Smita Y. Bakhai, MD, clinical associate professor of medicine and director of the internal medicine-preventive medicine residency program, says Head is “highly reliable and has an excellent work ethic.”
“Nathali is extremely proactive and is able to identify issues early and address them immediately,” she says.
The internal medicine residency program is the largest training program at the Jacobs School, notes Michael J. Aronica, MD, clinical associate professor of medicine and director of the residency program, and Alysia V. Kwiatkowski, DO, assistant professor of medicine and senior associate program director.
“She has a keen understanding of our complex and evolving curricular structure and constantly seeks to enhance her own knowledge, showing commitment to personal development,” they note.
“Nathali has excellent written and verbal communication skills and her messages are clear, deliberate and well thought out. She manages and updates our program website, which requires attention to detail. Nathali’s organizational skills are superior and she exhibits the highest integrity and is always fair.”
Ellen Dubie, training program administrator for the internal medicine and pediatrics residency program, says this past year highlighted many of Head’s remarkable attributes.
“In the midst of a pandemic, with two young children at home, she managed two residency programs with more than 117 residents with an interim program director, implemented and coordinated virtual interviews, and prepared for two ACGME site visits without skipping a beat.”
“Nathali is smart, compassionate, and always willing to lend an ear,” Dubie says. “She is my go-to for just about everything residency-related and someone that I try to emulate.”
Renee Reynolds, MD, clinical assistant professor of neurosurgery and director of the neurosurgery residency program, says Schram “is the steam behind the engine for our program development and compliance.”
Among Schram’s many skills, the most impressive is her problem solving, she says.
“It was most notable during this past interview season when needing to transition to a virtual platform.

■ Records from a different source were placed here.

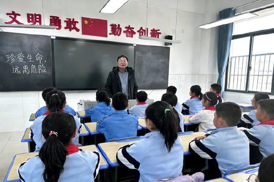 张警官首先通过生动有趣的讲解,向学生们普及了如何安全过马路、认识交通信号灯与标志标线等交通基础常识。他特别提醒同学们,红灯停,绿灯行,黄灯亮了等一等;过马路要走斑马线,并注意观察来往车辆。同时,他还强调了乘坐电动车、摩托车必须佩戴安全头盔的重要性,并倡议学生们“小手拉大手”,将学到的知识带回家,提醒和监督家人遵守交通规则。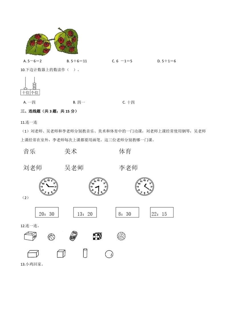 人教(新课程标准)一年级数学上册期末核心考点卷(一)(含答案)芝士老师1年前发布关注私信0.65MB9页646251人教(新课程标准)一年级数学上册期末核心考点卷(一)(含答案)此内容为免费资源,请登录后查看0积分 登录查看强烈推荐123网盘下载,非会员不限速如果下载链接失效请联系客服补发如需手机上下载打印,请用手机浏览器打开本站免费资源 第1页 / 共9页 第2页 / 共9页 第3页 / 共9页 该文档为免费文档,您可直接下载完整版进行阅读 © 版权声明 1 如果您找不到想要的资料, 点击这儿 可以查看网站使用手册! 2 可能会帮助到你: 网址导航 | 网站入门 | 获取邀请码 3 如果遇到付费才能看或下载的文章,建议您升级本站VIP会员;全站所有资源任意下,免费看。 4本站资源部分来自网络,由多位老师收集整理,如有侵犯你的权益请 联系站长,我们会第一时间进行审核删除。 5 站内资源为网友个人学习或测试研究使用,未经原版权作者许可,禁止用于任何商业途径!请在下载24小时内删除! THE END一年级资料专区 这套资料真的不错,快分享给您身边最好的朋友吧^_^点赞251 分享QQ空间微博QQ好友海报分享复制链接收藏 可以按Ctrl+D收藏此页面 HI!请登录 登录 注册 搜索 开启精彩搜索 免费内容强烈推荐123网盘下载,非会员不限速如果下载链接失效请联系客服补发如需手机上下载打印,请用手机浏览器打开本站 登录查看默写 (12)高频考点 (1)高分必刷 (0)高中语文 (5)高中英语 (7)高中生物 (5)高中数学 (12)高中地理 (5)高中历史 (5)高中化学 (5)预习 (2)音标 (1)雷锋 (0)阅读 (0)阅兵 (5)钱 (6)量词 (3)部首 (1)逻辑 (12)通用 (0) 小吖麻麻关注 这家伙很懒,什么都没有写... evawawawa关注 这家伙很懒,什么都没有写... s_juan1关注 这家伙很懒,什么都没有写... kele关注 这家伙很懒,什么都没有写... 燕子关注 这家伙很懒,什么都没有写... 四爷关注 这家伙很懒,什么都没有写... 小豆点sun关注 这家伙很懒,什么都没有写... Mouse Dad关注 这家伙很懒,什么都没有写... 领取5000T网盘资源 百度网盘5000T网红资源 立即领取 在手机上浏览此页面 登录没有账号?立即注册手机号或邮箱图形验证码验证码发送验证码记住登录账号密码登录 登录用户名/手机号/邮箱登录密码图形验证码记住登录找回密码 | 免密登录 登录注册已有账号,立即登录设置用户名手机号图形验证码验证码发送验证码设置密码重复密码邀请码(选填)注册已阅读并同意用户协议、隐私声明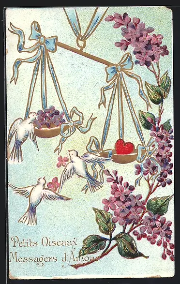 Präge-AK Weisse Tauben an einer Waage mit Blumen

Jennifer successfully executed two virtual sessions using a new platform (RezRate) which she learned quickly,” Reynolds notes.

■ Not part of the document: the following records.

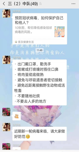 20200126青凝侯中心小学通过微信群宣传疫情防控知识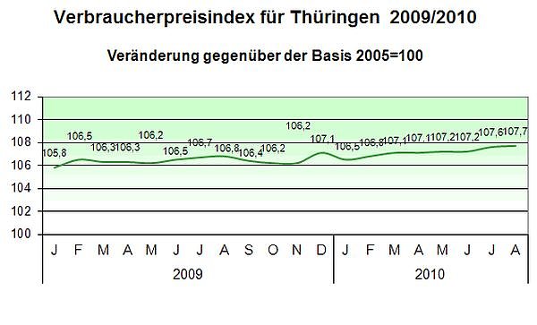 Der Verbraucherpreisindex erhöhte sich im Monat August gegenüber dem Vormonat Juli um 0,1 Prozent. Er erreichte einen Indexstand von 107,7 Prozent (Basis 2005=100). Die Jahresteuerungsrate blieb nach Mitteilung des Thüringer Landesamtes für Statistik mit 0,8 Prozent unverändert.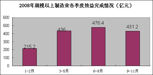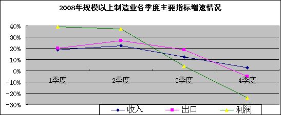 (一)产业增速呈现前高后低态势。从收入看,上半年产业增速一直保持20%以上的水平,下半年起开始逐月回落,11月、12月规模以上制造业收入同比分别下降0.1%、2.1%。从效益看,1-5月规模以上制造业利润增长20%以上,6-8月增速回落到4.1%,9-11月出现负增长(-23.9%)。从出口看,上半年出口增速达到23.6%,至9月底降至20.5%,全年仅为13.6%,比上半年下降10个百分点。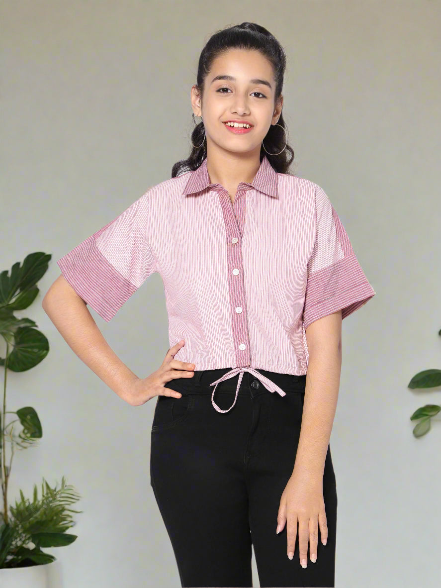 Earn admiration for your super trendy Crop shirt in cotton stripes from TeenTrums. This shirt style top made in cropped length is stylish and Trendy. The use of tonal fabric adds to its appeal. Exuding short sleeves, it is sure to fetch you compliments from others.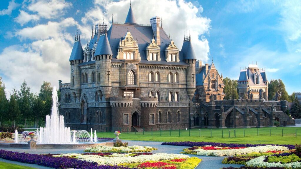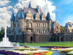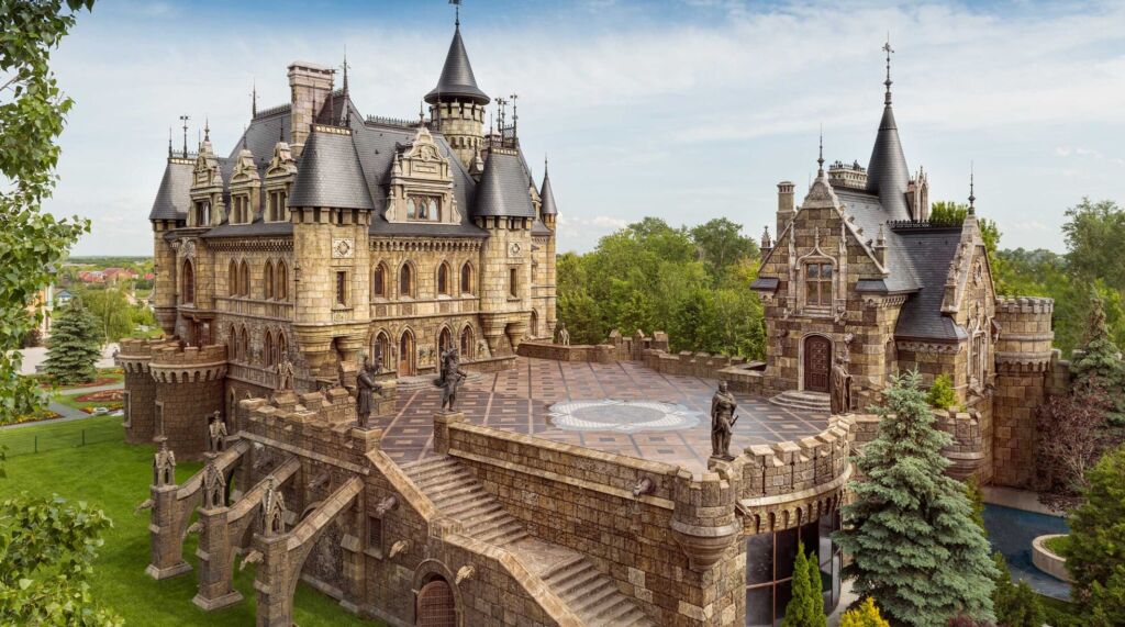 Неоготический замок, построенный в XXI веке, туристическая достопримечательность.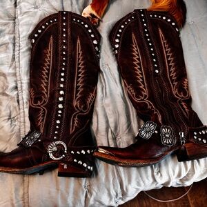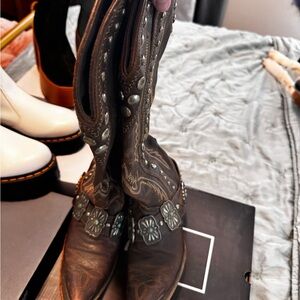 Step out in style with Lane Boots' Cognac Tall Cowgirl Boots. Featuring intricate silver accents, these boots are perfect for any occasion.

“Our interview process was so seamless we had feedback from multiple applicants that it was the most well executed they had participated in, playing a large role in us accomplishing one of our most successful match seasons to date, securing our three residents within our top five ranking positions,” she adds.
Jaims Lim, MD, a trainee in the neurosurgery residency program, says Schram was a fierce advocate for creating a new resident workspace that was “comfortable, spacious and in a well-supported environment.”
“She always makes sure we are taken care of, even making sure that her office is always stocked with snacks to make sure that we are never hungry or skipping meals given that we are busy as neurosurgical residents,” he notes.
The GME Awards of Excellence were presented Sept. 21 during the Graduation Medical Education Committee meeting. Roseanne C. Berger, MD, senior associate dean for graduate medical education, presided over the meeting.
The Office of Graduate Medical Education presents the awards to one program director and one administrator each year.